En ese mismo orden de ideas, la Misión de Determinación de los Hechos (encargada por el Consejo de Derechos Humanos de investigar e informarlo acerca de las detenciones arbitrarias, las torturas, las desapariciones forzadas, y las ejecuciones extrajudiciales cometidas en Venezuela a partir de 2014) en su primer informe presentado en septiembre de 2020, recomendaba a los Estados y a otros actores Internacionales, hacer uso del principio de Justicia Universal como principio de aplicación de la jurisdicción extraterritorial para evitar la impunidad y, de esta manera, llevar a la justicia a perpetradores de crímenes contra la humanidad en aquellos países donde se aplique este principio.

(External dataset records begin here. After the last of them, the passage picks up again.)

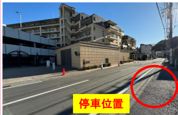
⑬グランシティ・パレ・ド・ リヴァージュ向かい
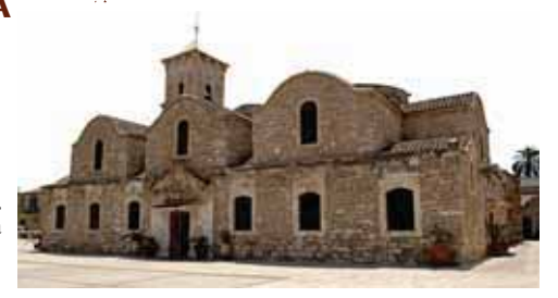
Храм св. Лазаря. Ларнака
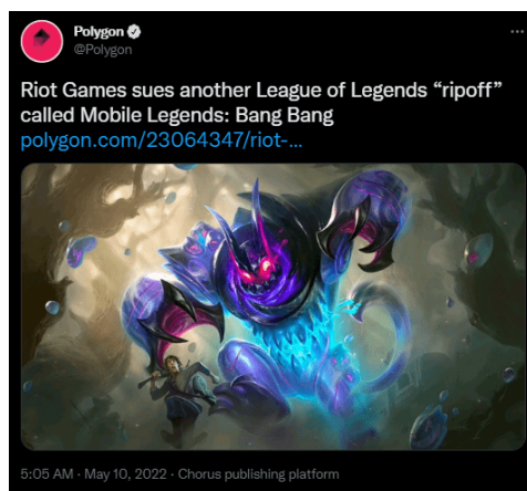
Gambar 1. Postingan Twitter Polygon yang menyisipkan dokumen gugatan Riot

Gugatan yang dilakukan oleh Riot Games kepada Montoon berupa dokumen yang di unggah oleh akun twitter Polygon berisikan poin-poin yang telah di plagiarisme oleh pihak Montoon kepada Riot atas game MLBB yang memplagiat LoL
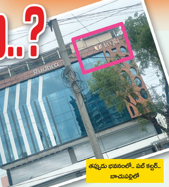
తప్పుడు భవనంలో.. పబ్ కల్చర్.. బాచుపల్లిలో
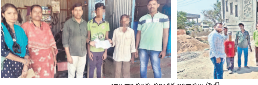
బాల కార్మికులను గుర్తించిన అధికారులు (ఫ్రైల్)
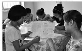
开展留守儿童关爱活动
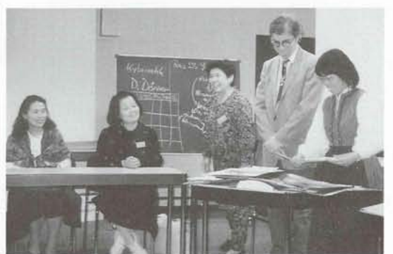
▲成人学校で生涯学習について研修（ミュンヘンで）
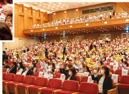
掲げられた議決票を数えて議案を採決
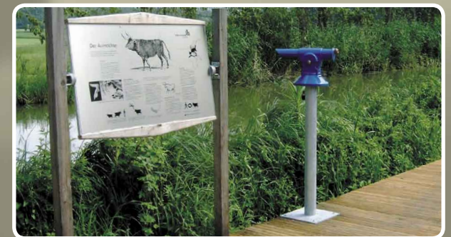
Beobachtungsplattform mit Informationsschild und Fernrohr

Die Heckrinder, die Sie von der Beobachtungsplattform des „Infohauses Isarmündung“ sehen, sind Wildrinder, die auf die oben beschriebenen Rückzuchtungsversuche der Gebrüder Heck zurückgehen.
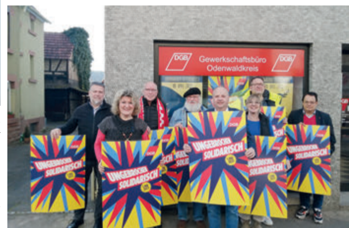
„Ungebrochen solidarisch“ - die Mitglieder des DGB-Kreisvorstandes rufen zur Odenwälder 1. Mai-Kundgebung in Bad König auf.

Bad König / Odenwaldkreis. König ein. Die Auftaktkundgebung „Ungebrochen solidarisch“ - unter diesem Motto stehen die Kundgebungen des Deutschen Gewerkschaftsbundes (DGB) am 1. Mai. Hier lädt der DGB Odenwaldkreis durch die Innenstadt mit anschließender Kundgebung auf der Freizeitanlage Odenwälder Lichtbühne. Ab 12 Uhr startet das Mai-Veranstaltung nach Bad Familienfest red

Tres años más tarde, es decir hace poco más de un mes, la Fundación George Clooney por la Justicia, junto con Amnistía Internacional, presentaron una denuncia ante los tribunales de Argentina contra Venezuela por la comisión de sistemáticas violaciones de los derechos humanos que constituyen crímenes de lesa humanidad, toda vez que se trata de un ataque sistemático y generalizado contra la población civil, orquestado por la jerarquía de las fuerzas de seguridad venezolanas, también identificadas en la denuncia. El juez de la causa pidió opinión al fiscal federal Carlos Stornelli, quien el 12 de julio pasado elaboró un dictamen basado en las pruebas sometidas y concluyó que sí había lugar a una investigación bajo el principio de la jurisdicción universal.

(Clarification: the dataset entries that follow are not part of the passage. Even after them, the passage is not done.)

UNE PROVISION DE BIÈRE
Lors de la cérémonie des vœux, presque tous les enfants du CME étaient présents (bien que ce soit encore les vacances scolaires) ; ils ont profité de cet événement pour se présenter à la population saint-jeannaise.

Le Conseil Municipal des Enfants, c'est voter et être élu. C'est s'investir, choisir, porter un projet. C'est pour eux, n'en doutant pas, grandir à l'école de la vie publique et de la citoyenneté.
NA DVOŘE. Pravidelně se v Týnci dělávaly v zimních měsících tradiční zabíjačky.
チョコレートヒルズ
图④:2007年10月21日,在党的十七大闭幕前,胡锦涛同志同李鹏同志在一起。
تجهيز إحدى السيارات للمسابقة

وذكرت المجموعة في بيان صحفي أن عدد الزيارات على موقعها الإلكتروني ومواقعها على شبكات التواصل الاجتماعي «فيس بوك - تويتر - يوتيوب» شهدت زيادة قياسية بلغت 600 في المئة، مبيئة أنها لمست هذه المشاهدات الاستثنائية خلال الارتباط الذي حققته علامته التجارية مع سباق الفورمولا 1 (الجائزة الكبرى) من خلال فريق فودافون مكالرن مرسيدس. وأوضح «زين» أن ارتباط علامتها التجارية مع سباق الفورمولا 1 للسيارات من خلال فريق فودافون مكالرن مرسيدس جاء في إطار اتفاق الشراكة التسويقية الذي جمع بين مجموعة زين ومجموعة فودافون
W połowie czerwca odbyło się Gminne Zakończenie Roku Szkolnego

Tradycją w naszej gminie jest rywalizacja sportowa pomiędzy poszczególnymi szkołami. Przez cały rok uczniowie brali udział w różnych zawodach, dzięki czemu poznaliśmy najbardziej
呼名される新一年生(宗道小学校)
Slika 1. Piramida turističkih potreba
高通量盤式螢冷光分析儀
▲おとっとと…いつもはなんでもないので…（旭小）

A pesar de que en su dictamen señala ya a los presuntos responsables –una docena de efectivos de la Guardia Nacional Bolivariana, desde los mandos altos hasta los mandos intermedios y bajos– solicitó, sin embargo, la colaboración de la Fiscalía de la CPI para que remita copias de casos relacionados con la muerte de Geraldine Moreno Orozco y José Alejandro Márquez Fagúndez, a fin de abrir una investigación penal. Asimismo, pidió la cooperación internacional del Consejo de Derechos Humanos, instancia a la que le solicitó le remitiera los informes realizados sobre Venezuela hasta la fecha como parte del proceso de recaudación de pruebas.

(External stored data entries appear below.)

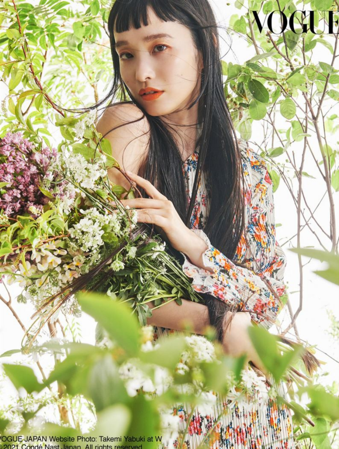
VOGUE JAPAN Website Photo: Takemi Yabuki at W © 2021 Condé Nast Japan. All rights reserved
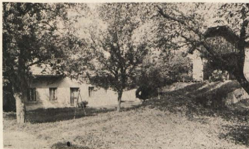
Vaška idila prikriva pomanjkljivo socio-ekonomsko strukturo in probleme, ki so z njo povezani

To dejstvo pogosto privede do odseljevanja, predvsem mlajših prebivalcev in mladostnikov. Domača občina izgublja privlačnost, ker
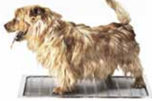
Kurasyöppö Mini 400 x 600 mm
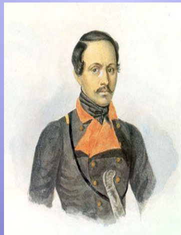
Лермонтов в сюртуке офицера Тенгинского пехотного полка
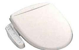
温水洗浄機能付き 暖房便座
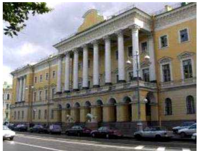
La “Casa con i leoni”

Ovviamente, presto, i nuovi “inquilini” si accorsero che una casa costruita da un privato per le proprie necessità non poteva essere adeguata per un Ministero dell’Impero e così l’architetto Anert apportò le modifiche necessarie al nuovo padrone di casa.
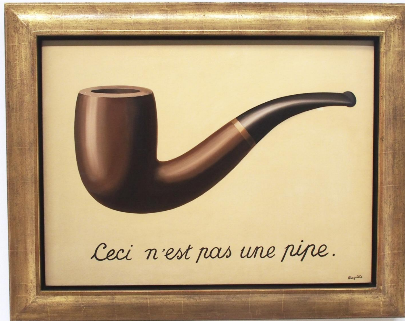
La Trahison des images (Ceci n'est pas une pipe), 1929
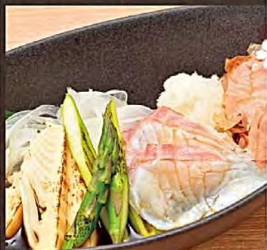
Grilled Cherry Red Sea Bream & 2-Variety Mountain Veggies in Sauce 桜鯛と山竹第2種野菜添え(附帯桜餅) [宮崎県産] 焼鯛と山竹第2種野菜添え(附帯桜餅) [미야자키현산] 구운 참돔과 두산의 산초와 라이스 푸이 -향이 밥무림용담-

12 アスパラ、筍の山の幸とともにどうぞ。 桜鯛と山の幸二種の 炙り焼きびたし 480円(税抜)

Por supuesto, el fiscal Stornelli también solicitó a la Fiscalía venezolana toda la información relativa a la cadena de mando de la Guardia Nacional Bolivariana involucrada en ambos casos, y solicitó a los hospitales donde fueron atendidas las víctimas, así como a las notarías, los registros, la morgue y todos aquellos organismos involucrados en el establecimiento de los hechos, las partidas de defunción, las experticias forenses, y demás documentos que son necesarios para el esclarecimiento de los hechos y el establecimiento de responsabilidades.
En conclusión, a pesar de estos procesos de negociación lentos, retóricos, de la diplomacia, a pesar del vocabulario a veces extremadamente genérico, dócil y complaciente, el sistema universal de derechos humanos junto con el sistema de justicia internacional trabajan de manera complementaria y continúan avanzando, haciendo uso de las vías a su disposición para que, más temprano que tarde, se haga justicia y se garantice la reparación de las víctimas.
Y es allí donde empezamos a ver resultados concretos.